Вверх

"Тайнозамкненные" элементы в древнерусском богослужении: глоссолалии и фиты

Средневековое византийско-московское православное богослужение зиждется на принципе «тайнозамкненности» – восприятии Бога как Тайны, которая разнообразно приоткрывается в литургическом действе. Богослужение есть мистерия, таинство, обрамляемое обрядами, символическими слоями, через которые человек проникает в Бога. В сакральных символах сомкнуто, заключено само Божественное бытие, Божественные тайны, на Руси эта сомкнутость именовалась «тайнозамкненностью».

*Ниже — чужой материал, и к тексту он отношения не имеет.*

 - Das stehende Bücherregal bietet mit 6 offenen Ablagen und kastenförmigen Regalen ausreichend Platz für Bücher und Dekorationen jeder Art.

Этим символическим принципом пронизано все богослужение: в сфере архитектуры, алтарь сокрыт иконостасом, то есть тайнозамкнен; изображаемый на иконе скрывает свое имя в сакральной надписи; в церковнославянском письме священные слова «сворачиваются» под титлом (церковная тайнопись подразумевает, что слова эти должны знать только посвященные); древние распевы таили в себе «сокровенные» попевки, лица и фиты. Тайнозамкненность и символизм придают богослужению особую сакральную рельефность, динамическую направленность человека к Богу и энергийную открытость Бога человеку. Только полное бесчувствие к сфере таинственного подталкивает некоторых современных литургистов к критике и разрушению сакрального символизма1. Это проявление «демократизма», который силится замкнуть человека в своей субъективности и не дать ему реально соприкоснуться с Божеством. Как говорил о. Павел Флоренский, сакральные символы есть отверстия в нашей субъективности, связывающие нас с бытием объективным, с нашей онтологической основой2.

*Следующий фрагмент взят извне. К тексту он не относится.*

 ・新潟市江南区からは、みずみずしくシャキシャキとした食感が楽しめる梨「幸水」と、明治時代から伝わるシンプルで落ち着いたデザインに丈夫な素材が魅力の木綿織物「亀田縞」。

В современной обстановке профанации священного необходимо изучение и возрождение древнерусской богослужебной традиции. В настоящей статье мы рассмотрим необычный феномен певческого искусства Руси: глоссолалии и фиты.

Глоссолалии – это явление относящееся к речевой сфере, а фиты – к певческой, но оба эти явления обнаруживались во время распева богослужебных текстов. Богослужебная речь всегда на Руси отличалась от обыденной, разговорной речи особой грамматикой, поэтикой и фонетикой (произношением). Было представление о том, что с Богом необходимо разговаривать на особом – богоприличном – языке. Поэтому богослужебные тексты всегда подразумевали особое произношение, которое принято называть «раздельноречием» или «хомонией»3. Это произношение церковнославянского языка является древнейшим, восходящим еще ко времени принятия христианства славянами4. Наибольшим проявлением специфичности и таинственности богослужебного языка были глоссолалии5: «аненайки» и «хабувы», которые русские роспевщики восприняли из богослужения древневизантийского6. Эти таинственные элементы скрывались в наиболее священных словах молитвы и обнаруживались во время исполнения торжественных песнопений. Ранний мелизматический стиль русского церковного пения – «кондакарный» (XI-XIII вв.), в распеваемых текстах содержал множество хабув и аненаек7. Поздним аналогом кондакарного пения был распев «демественный» (с XV в.), который так же отличался частым употреблением глоссолалий8. Например, прокимен в большом демественном распеве может произноситься так: «Всяко дыхание-ни-нэ-нэ-тэ-и-нэ-ни-э-и-нэ-ни-но-да хвалит-е Господа»9; концовка причастного стиха, партия «верха» демественного многоголосия в рукописи сер. XVI в.: «А-лл-эа-ха-ува-ува-ха-ува алэ-увэ-хэ-хэ-увэ-увэ-увэ-нэ-хэ-увэ-эннэ-увэ-эннэ-увэ-аннэ-на-ни-лу-иа-анна-ни-на-инэ-нэ-эна-ни-но-хо-о»10. Реже глоссолалии встречались в знаменном распеве, яркий пример – стих 103 псалма: «Слава Ти Господи-а-нэ-нэ-нэ-на-нэ-нэ-нэ-нэ-на-ни-а-нэ-нэ-нэ-на-а-ни сотворившему вся»11.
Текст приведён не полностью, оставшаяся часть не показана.